I Used To Be Me (part 3)

Wednesday, April 7, 2010

I met Normalinda Hammond at a moms’ group here in Brooklyn last spring. It was my first time attending this group’s meet-up at one mom’s apartment. Normalinda and I sat next to each on the couch. Our babies, both boys, were only three and four months old. Back then I was only able to remember the babies’ names, and that’s how their mothers were identified. That’s Frankie’s mom. And next to her is … Jake’s mother. I did remember Normalinda’s name, though. Mainly because it was Normalinda. Also, I remember she giggled often. And I liked that. It was pleasant, her laugh, and somewhat contagious.

Today, a full year later, I visit Normalinda at her Brooklyn apartment. Her son Thomas, a sweet toddler now, is the one leading the smile parade. His mom and I happily follow.

Photo by Nicole Blades

Life before baby …
We had only been married two months before we conceived. So the year before was wedding planning and then moving in together—we moved in two weeks after we got married. It was a lot of adjustment.

Before that, life was about being single and on my own, not having to share anything with anyone.

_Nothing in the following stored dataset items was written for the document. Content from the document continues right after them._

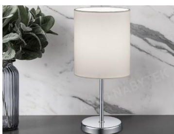
Stolní lampa Jerry, 263 Kč

Přírodní materiály jako dřevo, ratan, bambus nebo látka z lněného vlákna hrají v minimalistickém designu klíčovou roli. Jejich přirozená textura a barevnost dodávají prostoru teplo a příjemnou atmosféru. V ložnici můžete využít dřevěný nábytek, ratanové koše na úschovu, bambusové rohože nebo koberce. Tyto prvky nejenže přinášejí pocit harmonie s přírodou, ale zároveň podporují udržitelný přístup k bydlení.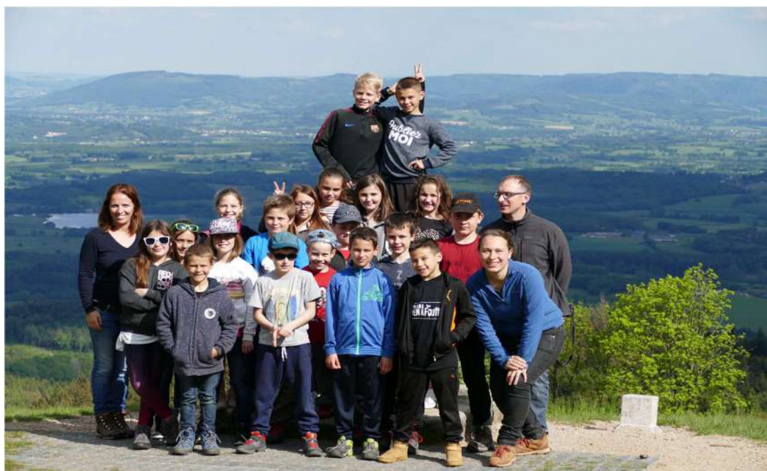
CE2-CM1-CM2 avec accompagnateurs Mont Beuvray mai 2019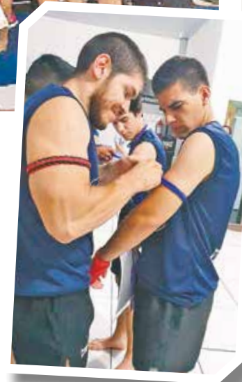
Entrega de brazalete y ascenso de grado.

Para más información comunicarse al teléfono (0994) 537-563.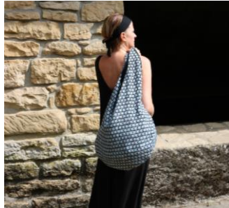
Sopilipili – vêtements et accessoires

I’ve always wanted children …
Actually, I’ve had this image of being a working mom with three kids. Even in my high school yearbook, where it said what’s your plan, I said that I would get married at 30 and have three kids. Actually, my husband wanted five children. We settled on four. The idea of four kids wasn’t too much of a stretch from three!

Then came Thomas …
I never thought I would be doing this—raising a family—in New York. Even with that first plan of three kids and a working mom, I thought it would be back in Dallas/Fort Worth. That’s where a lot of my friends started having babies and getting married, back in their mid-20s. They all worked and were able to manage it. They were able to get off work at 5 p.m., and their mothers, who live nearby, also help out. That’s the picture I had of how my life would be.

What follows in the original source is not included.